Top of STORED DATA
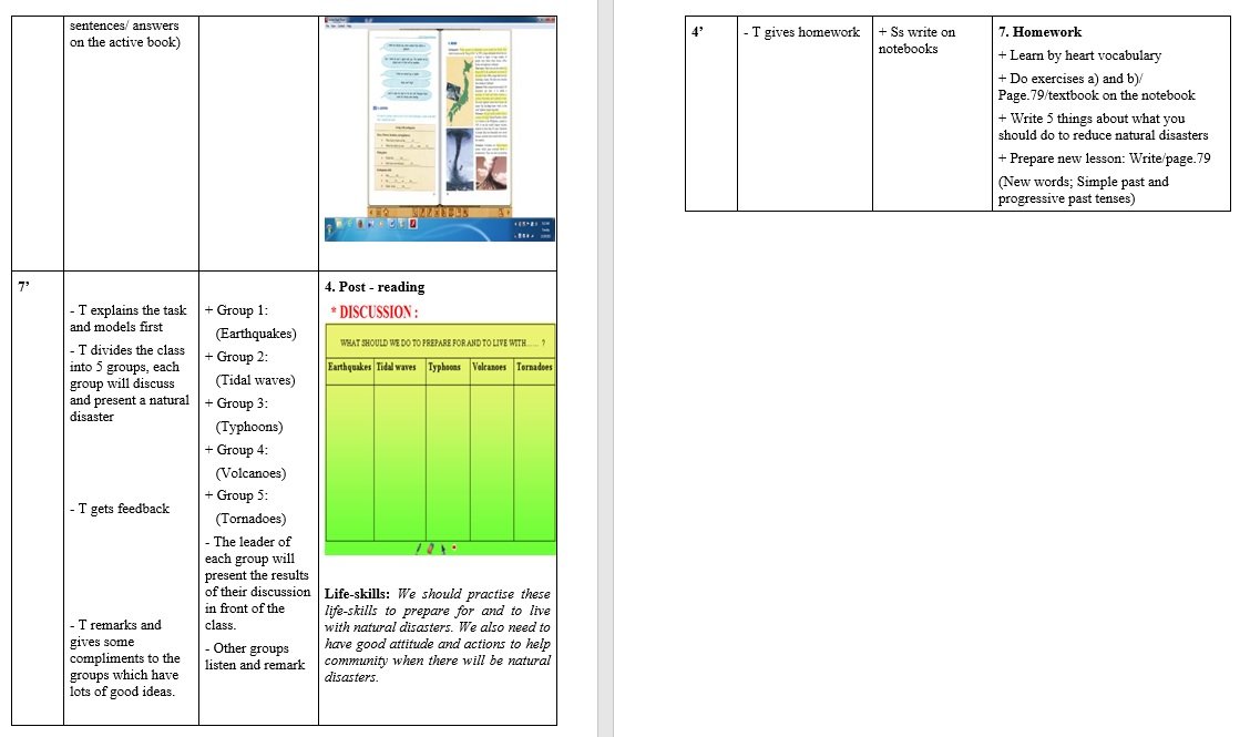 + Specific capacity: Give own opinions about how to reduce natural disasters
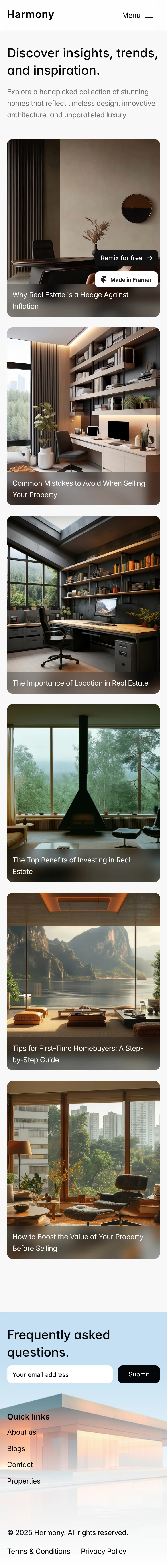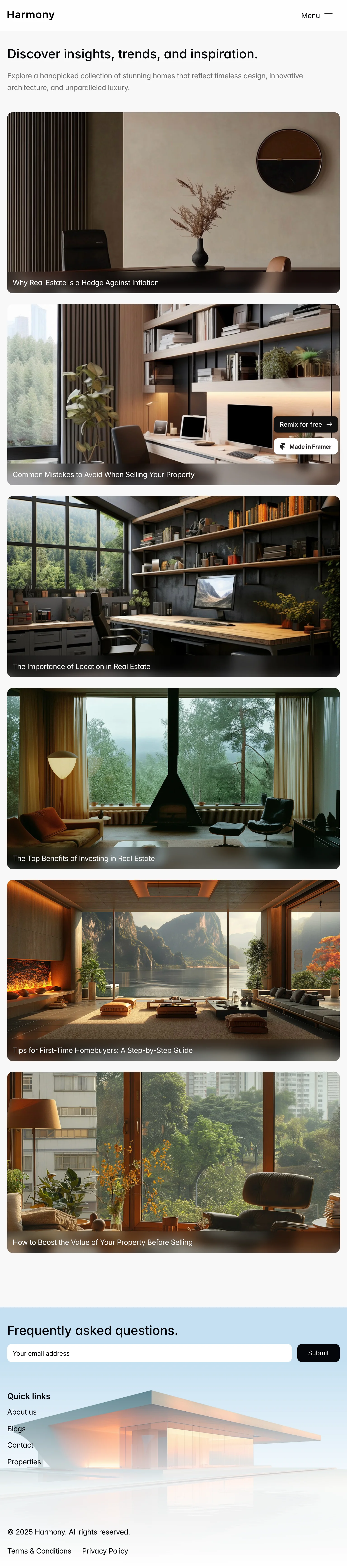 The Harmony blog page showcases a clean, modern design that emphasizes readability and user engagement. Its elegant layout features a minimalist aesthetic with ample white space, allowing vibrant images of luxurious properties to shine.
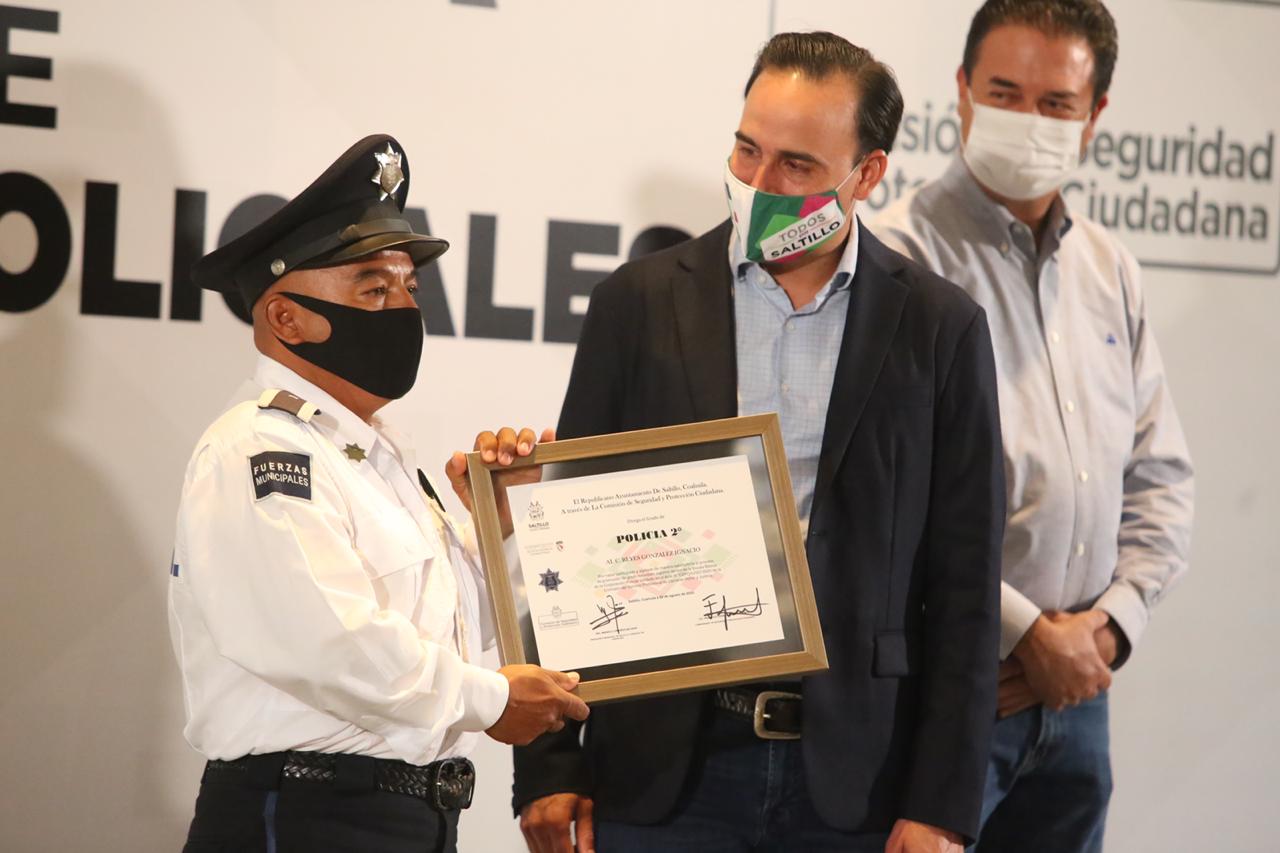Como parte del proyecto de profesionalización de la policía municipal, el alcalde de Saltillo, Manolo Jiménez Salinas, entregó grados policiales a aquellos elementos que fueron elegidos mediante una convocatoria que se realizó de manera abierta y transparente, en un procedimiento sin precedente en este municipio.
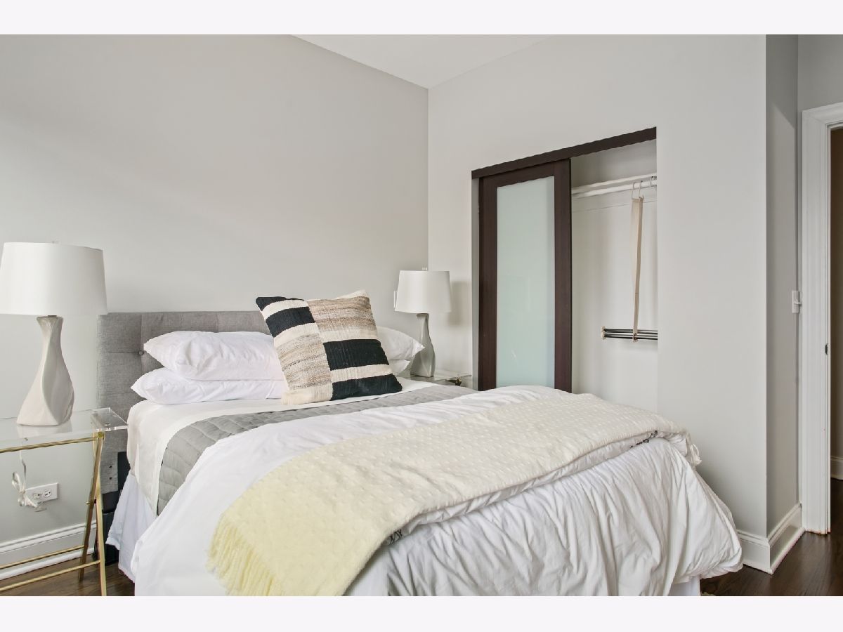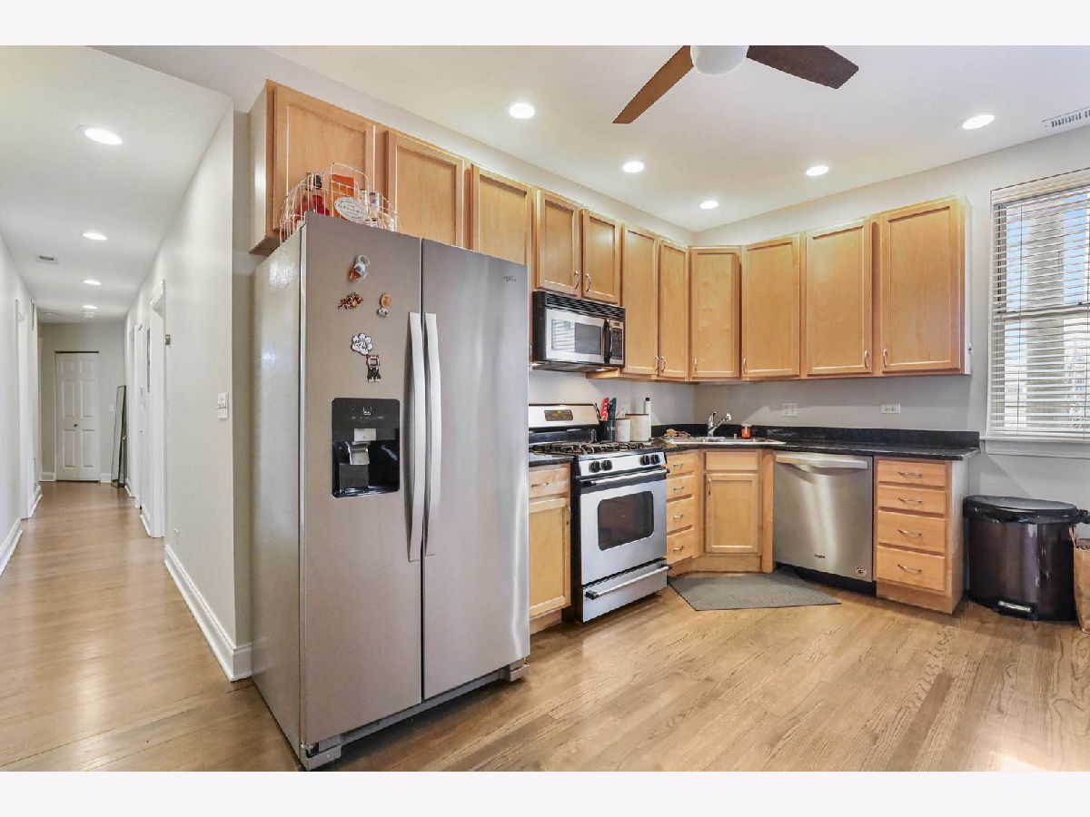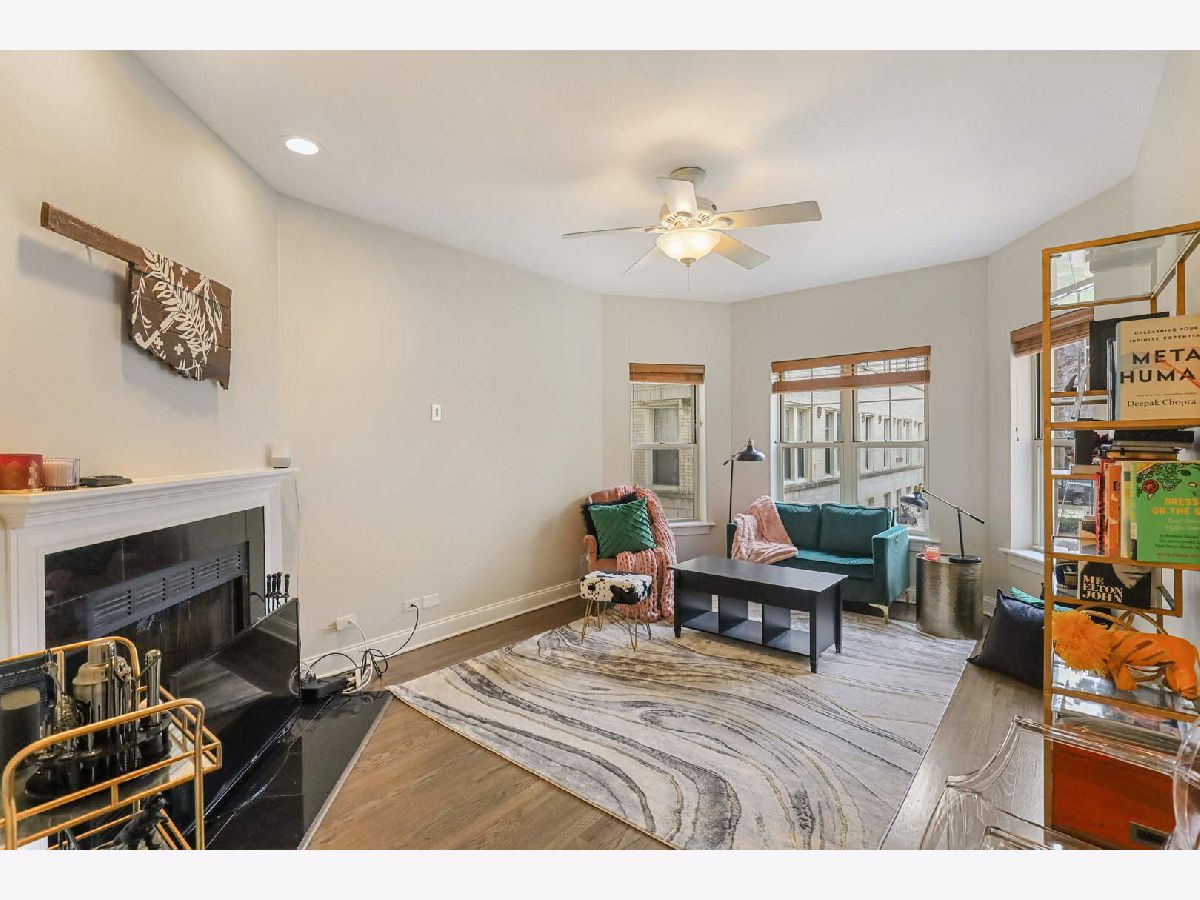 This elevated first floor unit is filled with natural light and is situated on a beautiful tree-lined street, just steps from the lakefront! Enjoy the parks, beach, Montrose Dog Beach, shopping, great restaurants & nightlife! Located steps to the Wilson Red/Purple Line stop with the new entrance on Sunnyside next to Target, as well as several CTA bus lines. This recently updated home features hardwood floors throughout, central heat and AC, in-unit laundry, and additional storage - great for storing bikes. Additional highlights include a cozy living room with wood-burning fireplace that overlooks the lovely courtyard and a spacious eat-in kitchen featuring 42" cabinets, granite counters, and stainless-steel appliances. The sizeable primary bedroom has two closets with custom shelving and storage as well as an en suite bathroom with spa tub. A spacious secondary bedroom includes generous closet space with the newer second bathroom located across the hallway. Nothing to do but move in! Enjoy the easy permit street parking.
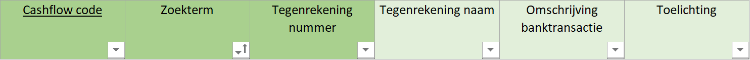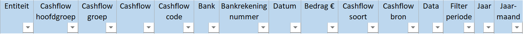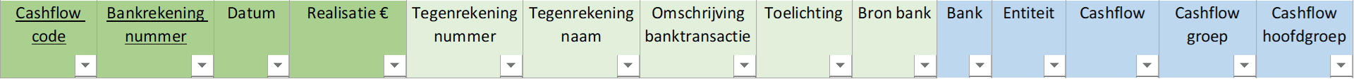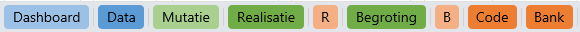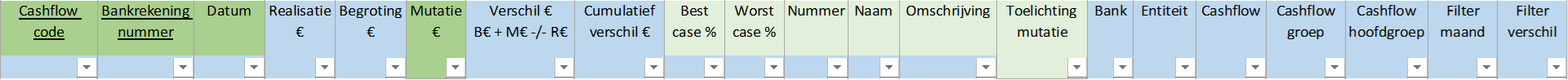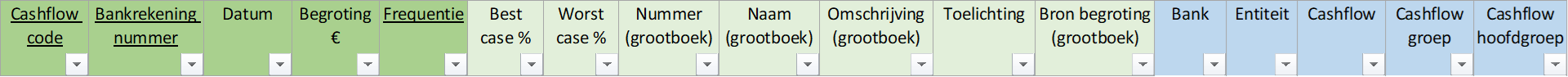 - Cashflow groep: 2e aggregatie niveau. De namen komen uit de verplichte standaard validatielijst (de kolomnaam is onderstreept = validatie) en worden gebruikt in de rapportage (o.a. bij Dashboard en Data). De groepsnamen zijn: ontvangsten; uitgaven; buitengewoon; belasting; investering; desinvestering; hoofdsom; aflossing en rente.
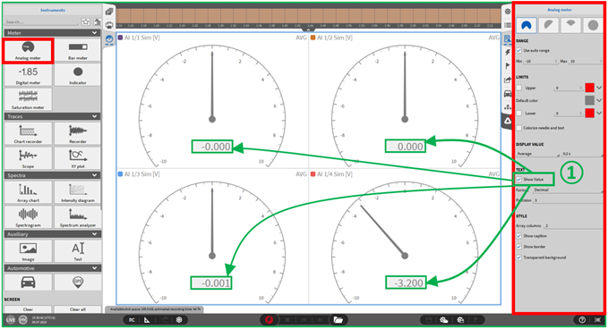 显示数值: 如果“显示数值”勾选框被选中 (见 ① 图. Fig. 394),测试值将会以数字的形额外显示在模拟指针表中。
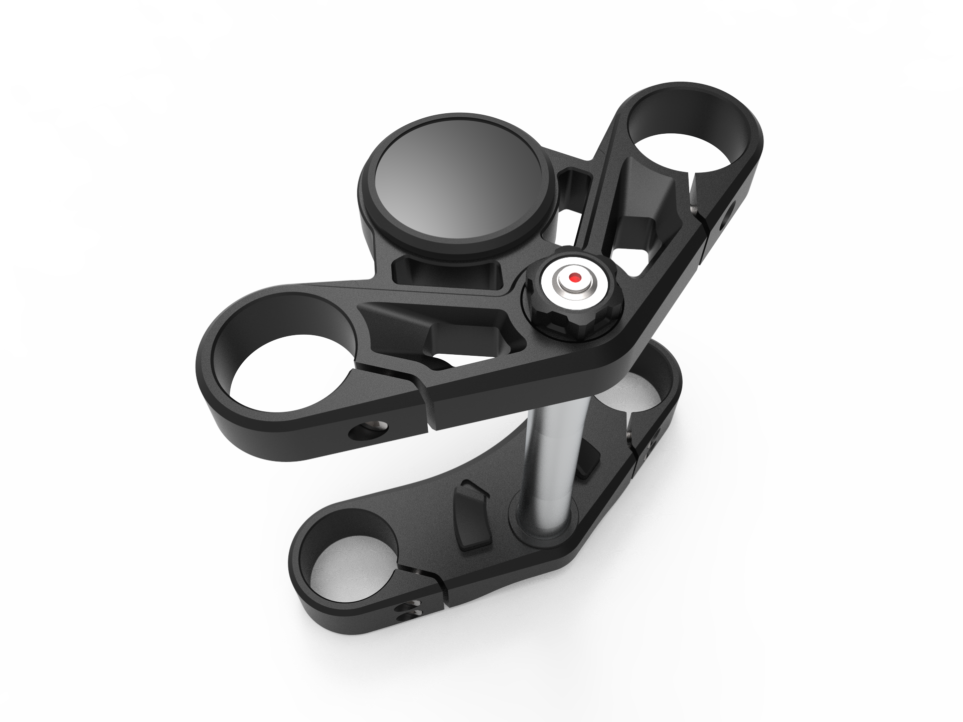 - Árbol triple de aluminio anodizado en negro con topes de dirección ajustables y soporte para divisor de línea de freno
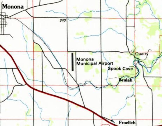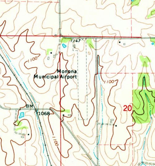 The last topo map depiction which has been located of Monona Airport was on the 1985 USGS topo map. It depicted a single north/south runway.
Bottom of STORED DATA
**EXERCISE OBJECTIVE**:
Print each entry above verbatim, pictures left out.

**EXPECTED ANSWER**:
 + Specific capacity: Give own opinions about how to reduce natural disasters
 The Harmony blog page showcases a clean, modern design that emphasizes readability and user engagement. Its elegant layout features a minimalist aesthetic with ample white space, allowing vibrant images of luxurious properties to shine.
Como parte del proyecto de profesionalización de la policía municipal, el alcalde de Saltillo, Manolo Jiménez Salinas, entregó grados policiales a aquellos elementos que fueron elegidos mediante una convocatoria que se realizó de manera abierta y transparente, en un procedimiento sin precedente en este municipio.
 This elevated first floor unit is filled with natural light and is situated on a beautiful tree-lined street, just steps from the lakefront! Enjoy the parks, beach, Montrose Dog Beach, shopping, great restaurants & nightlife! Located steps to the Wilson Red/Purple Line stop with the new entrance on Sunnyside next to Target, as well as several CTA bus lines. This recently updated home features hardwood floors throughout, central heat and AC, in-unit laundry, and additional storage - great for storing bikes. Additional highlights include a cozy living room with wood-burning fireplace that overlooks the lovely courtyard and a spacious eat-in kitchen featuring 42" cabinets, granite counters, and stainless-steel appliances. The sizeable primary bedroom has two closets with custom shelving and storage as well as an en suite bathroom with spa tub. A spacious secondary bedroom includes generous closet space with the newer second bathroom located across the hallway. Nothing to do but move in! Enjoy the easy permit street parking.
 - Cashflow groep: 2e aggregatie niveau. De namen komen uit de verplichte standaard validatielijst (de kolomnaam is onderstreept = validatie) en worden gebruikt in de rapportage (o.a. bij Dashboard en Data). De groepsnamen zijn: ontvangsten; uitgaven; buitengewoon; belasting; investering; desinvestering; hoofdsom; aflossing en rente.
 显示数值: 如果“显示数值”勾选框被选中 (见 ① 图. Fig. 394),测试值将会以数字的形额外显示在模拟指针表中。
 - Árbol triple de aluminio anodizado en negro con topes de dirección ajustables y soporte para divisor de línea de freno
 The last topo map depiction which has been located of Monona Airport was on the 1985 USGS topo map. It depicted a single north/south runway.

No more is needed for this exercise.